Peluang Manchester United dalam memperebutkan gelar Premier League sangat kecil. Namun, The Red Devils masih memiliki peluang untuk mengakhiri musim dengan finis di zona Liga Champions.

Premier League masih menyisakan 29 pertandingan pada musim ini. Perjuangan tim Setan Merah dalam bersaing di Premier League tidak akan semakin mudah.

Namun, masih banyak kesempatan bagi MU untuk memperebutkan satu slot di zona Liga Champions. Berikut ini empat alasan Manchester United bisa menembus zona Liga Champions pada akhir musim nanti:

 

 

* Dapatkan pulsa gratis senilai jutaan rupiah dengan download aplikasi terbaru Liputan6.com mulai 11-31 Oktober 2019 di tautan ini untuk Android dan di sini untuk iOS

2 of 5

Pulihnya Para Pemain yang Cedera

Manchester United Vs Watford
Pemain Manchester United, Anthony Martial. (AP/Martin Rickett)

Badai cedera adalah satu penyebab keterpurukan Manchester United pada awal musim ini. Para pemain penting seperti Paul Pogba, Anthony Martial, dan Luke Shaw harus menepi karena cedera yang mereka alami.

Hal ini yang membuat stabilitas kekuatan Manchester United terganggu. Dengan tidak adanya pemain-pemain tersebut, praktis Ole Gunnar Solskjaer hanya dapat menggunakan pemain seadanya. Bahkan, manajer asal Norwegia tersebut memainkan pemain muda yang kurang berpengalaman.

Kini, publik Old Trafford sudah tidak perlu khawatir. Beberapa pemain sudah kembali dari cedera yang mereka alami. Pemain-pemain tersebut sudah cukup fit dalam membantu tim Setan Merah meraup cukup banyak poin di Premier League.

3 of 5

Ole Gunnar Solskjaer Temukan Formasi Ideal

Pelatih Manchester United, Ole Gunnar Solksjaer, bersiap memimpin latihan jelang laga 16 besar Liga Champions. (AFP/Franck Fife)
Manajer Manchester United, Ole Gunnar Solskjaer. (AFP/Franck Fife)

Manchester United baru mencetak sepuluh gol dari sembilan laga di Premier League musim ini. Raihan tersebut membuat tim Setan Merah menepati peringkat ketiga terburuk dalam mencetak gol di Premier League.

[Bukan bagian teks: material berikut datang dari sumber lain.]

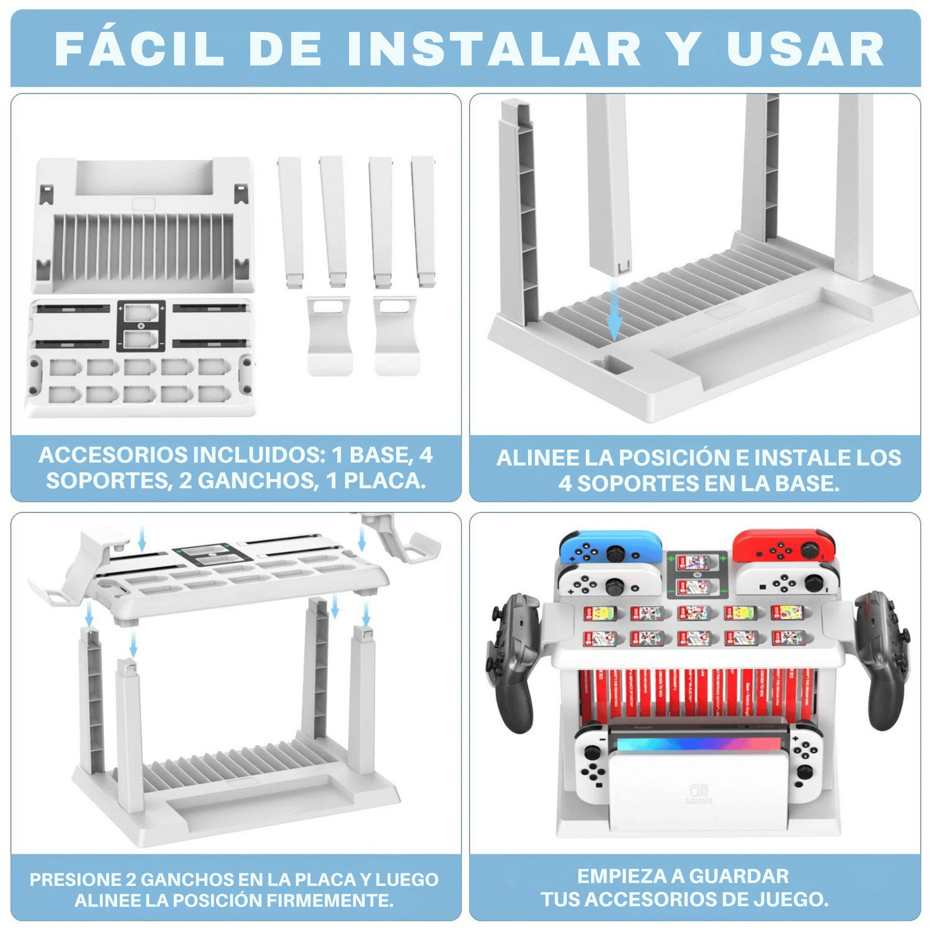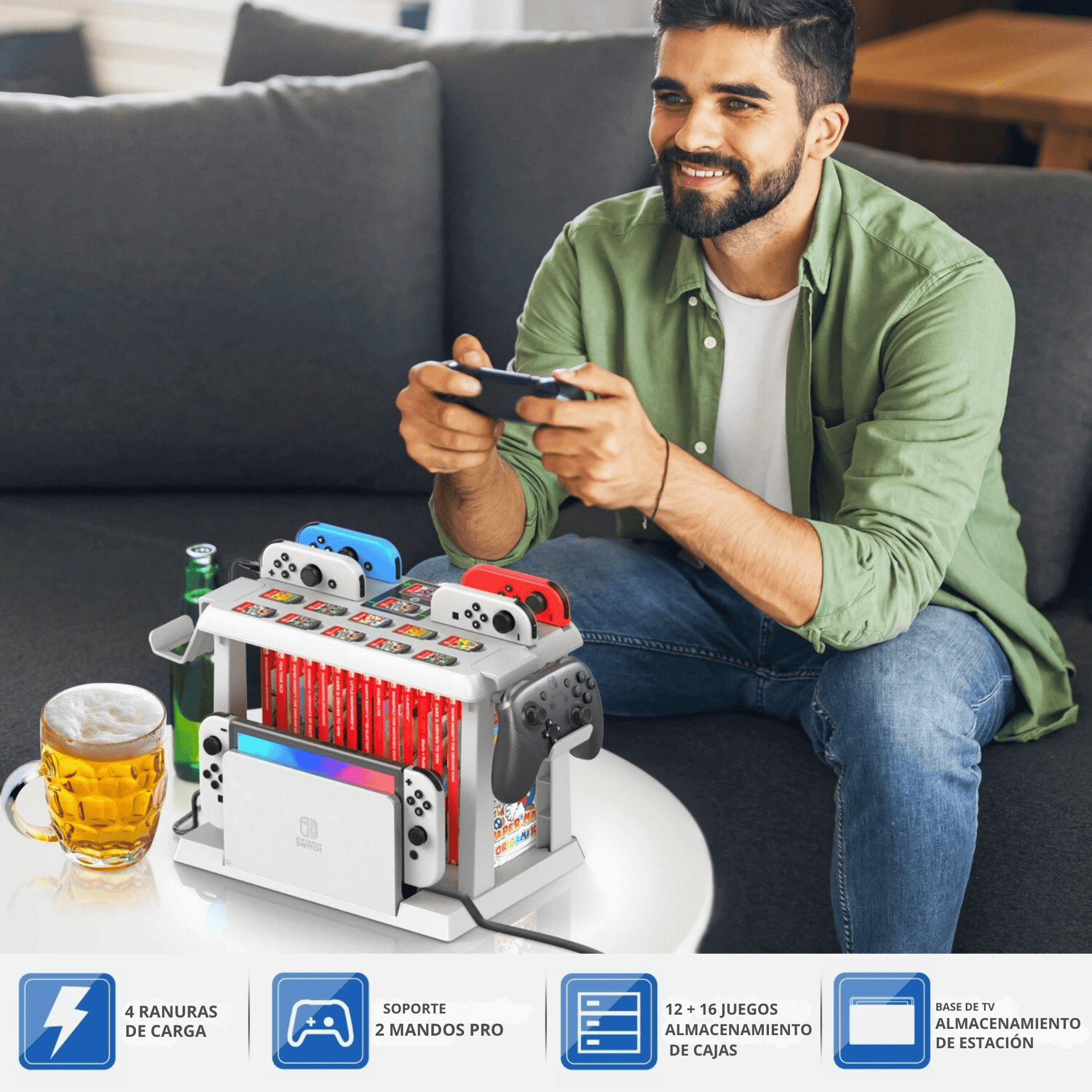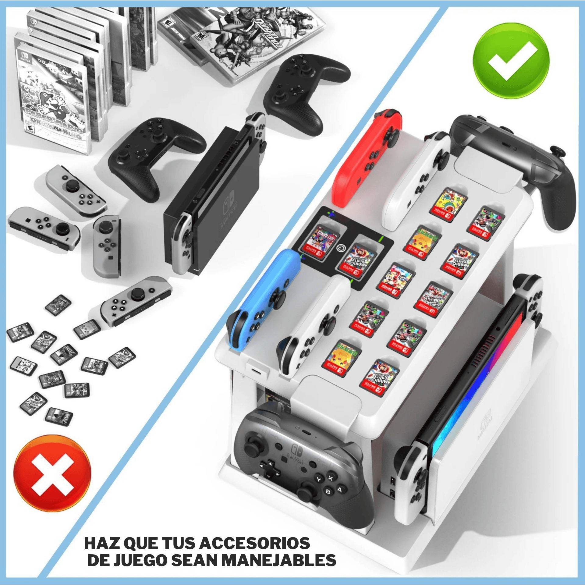 - Estación todo-en-uno para consola Nintendo Switch / Nintendo Switch OLED que incluye organizador de juegos, dock de carga y soporte para mandos.
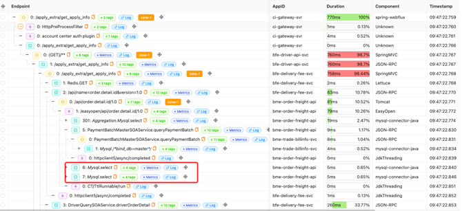 此处只是使用了 IAST 的插桩原理,并未部署 IAST。CI 的监控系统运行比较稳定,插桩覆盖率也比较高,也有 traceid 可以做全链路的追踪。如图12是一个完整的链路信息,包含埋点的调用堆栈、执行的 SQL。
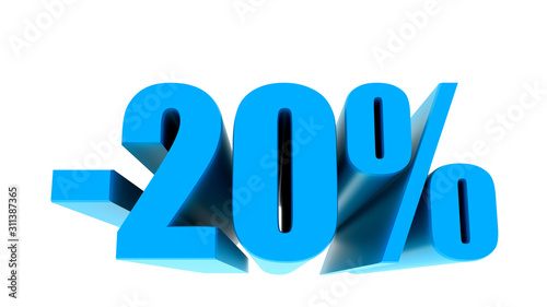 -20 percent off discount promotion sale. 3D Render. 3D-Illustration percent discount collection for your unique selling poster, banner ads. Christmas, Xmas sale and more
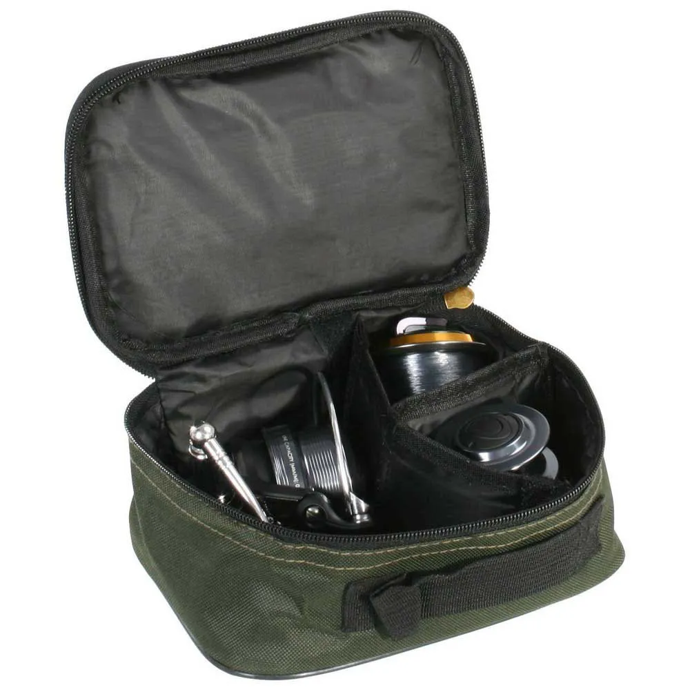 Une série d’étuis à moulinet professionnels, de différentes tailles.
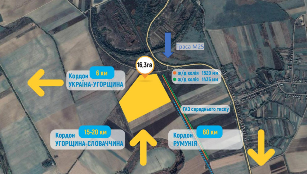 Згідно з документацією, ділянка має цільове призначення «для розміщення та експлуатації будівель підприємств переробної, машинобудівної та іншої промисловості». На балансі компанії, що володіє ділянкою, уже затверджені технічні умови на підключення до електромережі «Закарпаттяобленерго» (лінія 35 кВ, потужність – 4,99 МВт), а також погоджене приєднання до залізничної інфраструктури АТ «Укрзалізниця» обох типів колій – європейського (1435 мм) та ширококолійного (1520 мм). Відстань до колій – до 500 метрів.
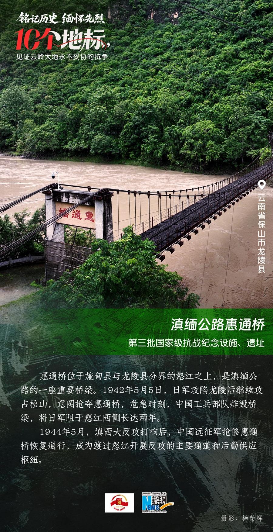 80年過去,曾經(jīng)的戰(zhàn)場硝煙雖散,但英氣永存。在國務(wù)院公布的前三批國家級(jí)抗戰(zhàn)紀(jì)念設(shè)施、遺址名錄中,云南省共有10個(gè),分別為騰沖國殤墓園、騰沖滇西抗戰(zhàn)紀(jì)念館,龍陵抗日戰(zhàn)爭紀(jì)念館,國立西南聯(lián)合大學(xué)舊址,抗戰(zhàn)勝利紀(jì)念堂,松山戰(zhàn)役舊址,南洋華僑機(jī)工回國抗日紀(jì)念碑,怒江駝峰航線紀(jì)念館,施甸縣抗日江防遺跡群,滇緬公路惠通橋,滇西抗日戰(zhàn)爭紀(jì)念碑。它們承載著國人共同的歷史記憶與民族情感,也為我們學(xué)習(xí)和傳承抗戰(zhàn)精神提供了現(xiàn)實(shí)條件。
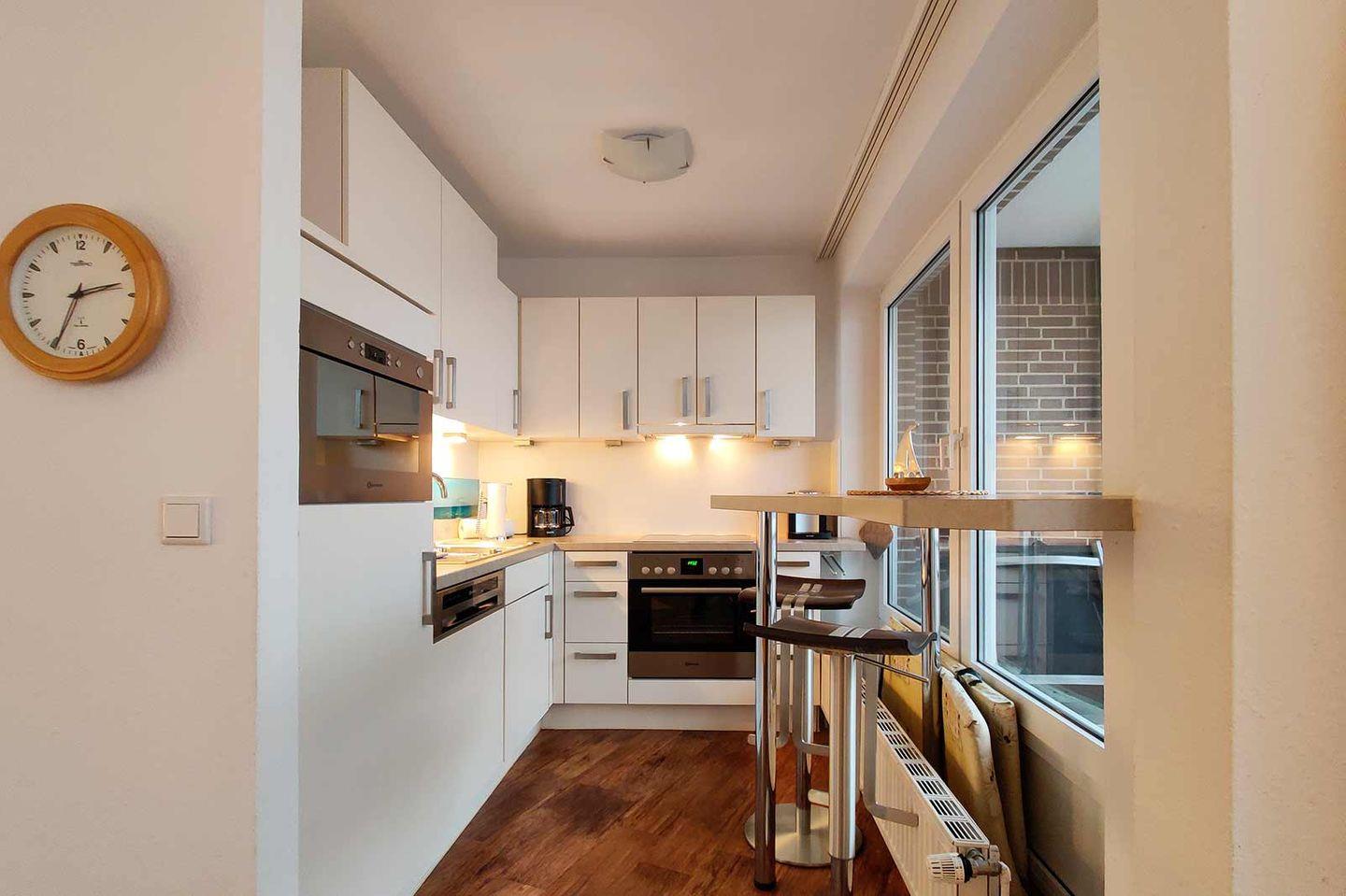 Residenz Meeresbrandung, Haus 1: Die großzügige Ferienwohnung für bis zu 4 Personen bietet aus der 3. Etage einen tollen Meerblick und ist absolut hochwertig eingerichtet. Mit der schönen Aussicht von Balkon, Küche und Wohnraum auf die Nordsee wird es nie langweilig.
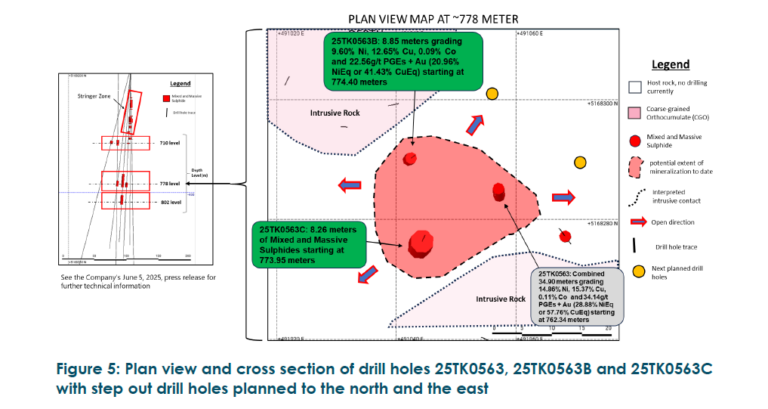 Drill hole 25TK0563B Intercepted 8.85 Meters of Mineralization Starting at 774.40 meters, Grading 9.60% Ni, 12.65% Cu, 0.09% Co, 11.44g/t Pd+Pt and 11.12 g/t Au (20.96% NiEq or 41.43% CuEq)
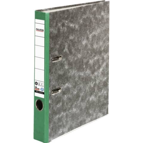 Eigenschaften "Ordner Wolkenmarmor Recycling, A4, 50mm, schwarz/grün FALKEN 80023500"
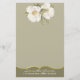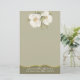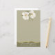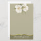 Artigos de papelaria silenciado elegantes do verde de musgo, com os gráficos fracos de duas flores brancas da magnólia que decoram a parte superior. Uma beira goldtone decorativa, na parte inferior forma o pé de página, com o texto branco feito sob encomenda pronto para personalizar. Artigos de papelaria diários bonitos ou para ocasiões especiais. Faz um presente agradável demasiado.
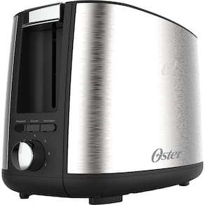 Torradeira Oster Simple Life com 7 níveis de tostagem, funções de descongelar e aquecer, bandeja coletora de migalhas e design em inox.Permite ejeção manual
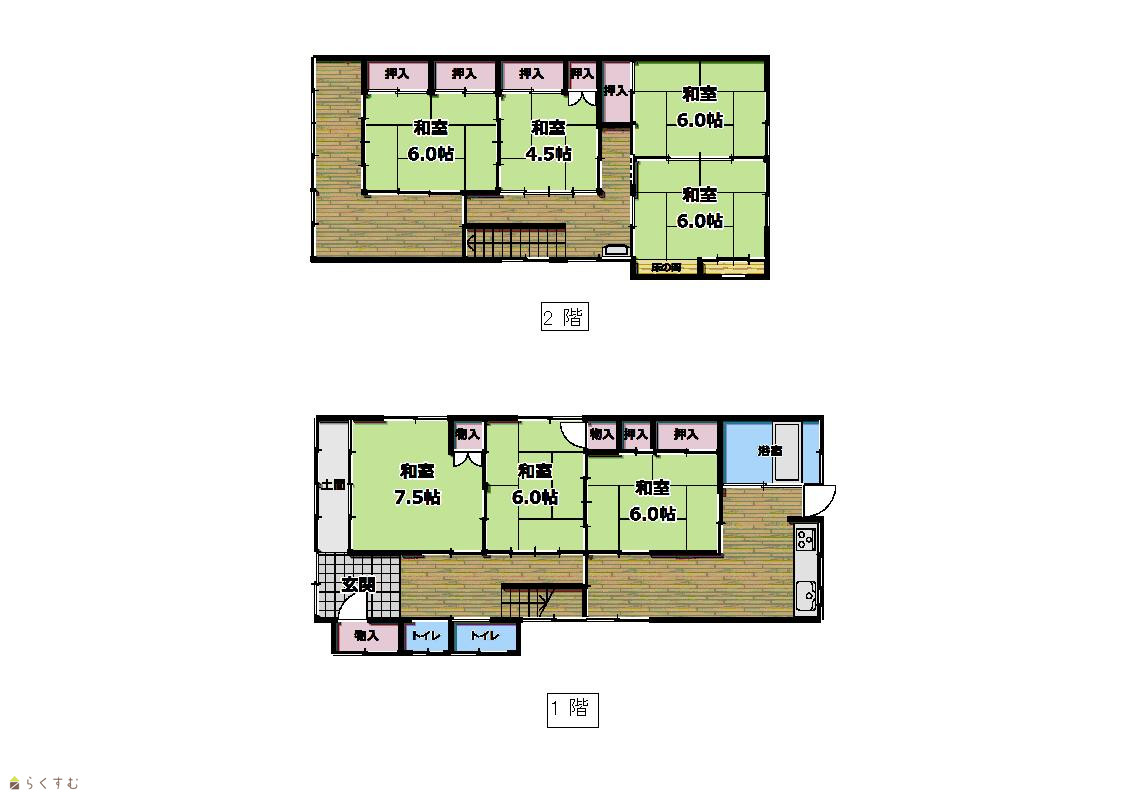 | 間取り | 7DK (和室:7.5畳、6畳、6畳、6畳、6畳、6畳、4.5畳) | ||
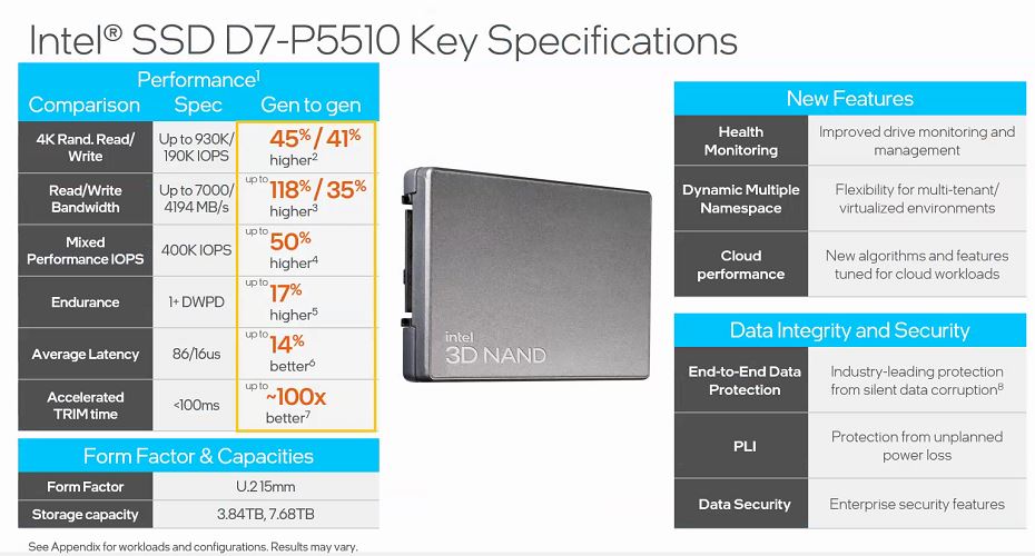 Intel SSD D7 P5510 Key Specs V P4510 1 DWPD
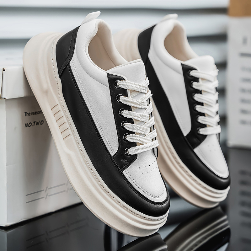 2025秋季新款潮鞋休闲运动板鞋厚底板鞋男春季新款纯色休闲鞋大码
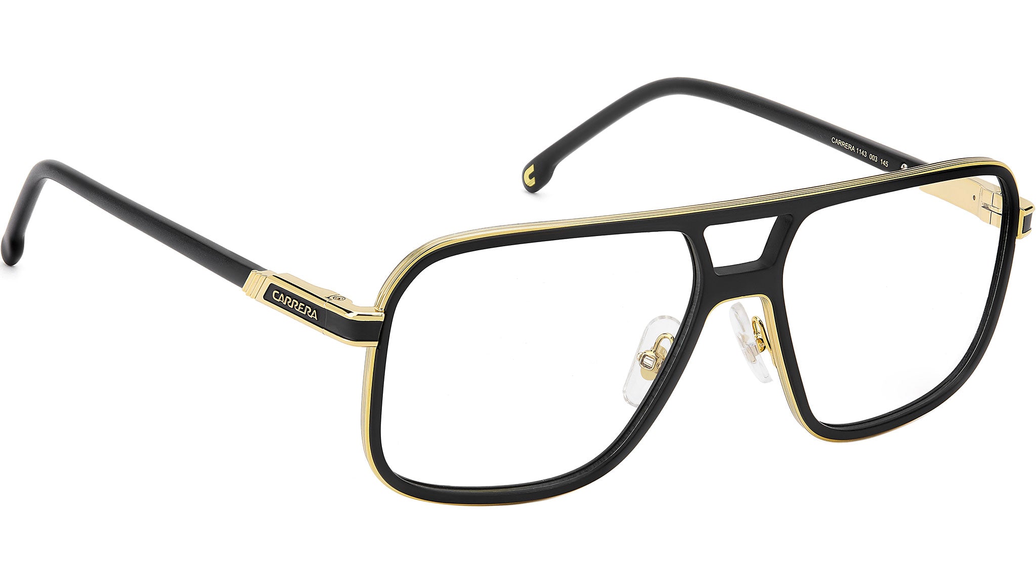 Occhiali da vista Carrera 1143 003 uomo con montatura quadrata in metallo nero opaco e lenti demo. Occhiali da vista Carrera dallo stile audace. Il frontale navigator è sfrontato, costruito in acciaio inossidabile e rivestito con inserti plastici. Le aste si ispirano al design d’archivio Carrera: un dettaglio senza tempo. La montatura veste confortevole sul volto perché leggera, completata da cerniere flessibili e naselli regolabili. Linea: Flag. Codice modello: 110195. Codice colore: 003. Rivenditore autorizzato Carrera online. Gli occhiali vengono consegnati con custodia e accessori originali e sono coperti dalla garanzia ufficiale di 12 mesi del produttore.

Solskjaer telah melakukan kesalahan dengan melepas dua penyerang, yaitu Romelu Lukaku dan Alexis Sanchez pada musim panas ini. Bahkan, Manajer asal Norwegia tersebut tidak mencari pengganti untuk mengisi kekosongan posisi dari kedua pemain tersebut.

Pertandingan kontra Liverpool menjadi titik balik bagi lini serang Manchester United. Solskjaer dapat memanfaatkan kecepatan yang dimiliki Marcus Rashford dalam membongkar pertahanan tim lawan.

Apalagi, para pilar penting Manchester United telah pulih dari cedera. Salah satu solusi terbaik adalah memainkan kuartet Rashford, Martial, James, dan Pogba bersama-sama sejak menit awal. Komposisi tersebut dianggap cukup mematikan bagi lini pertahanan lawan.

4 of 5

Membaiknya pertahanan The Red Devils

Harry Maguire, Manchester United
Pemain Manchester United, Harry Maguire. (AFP/Andrej Isakovic)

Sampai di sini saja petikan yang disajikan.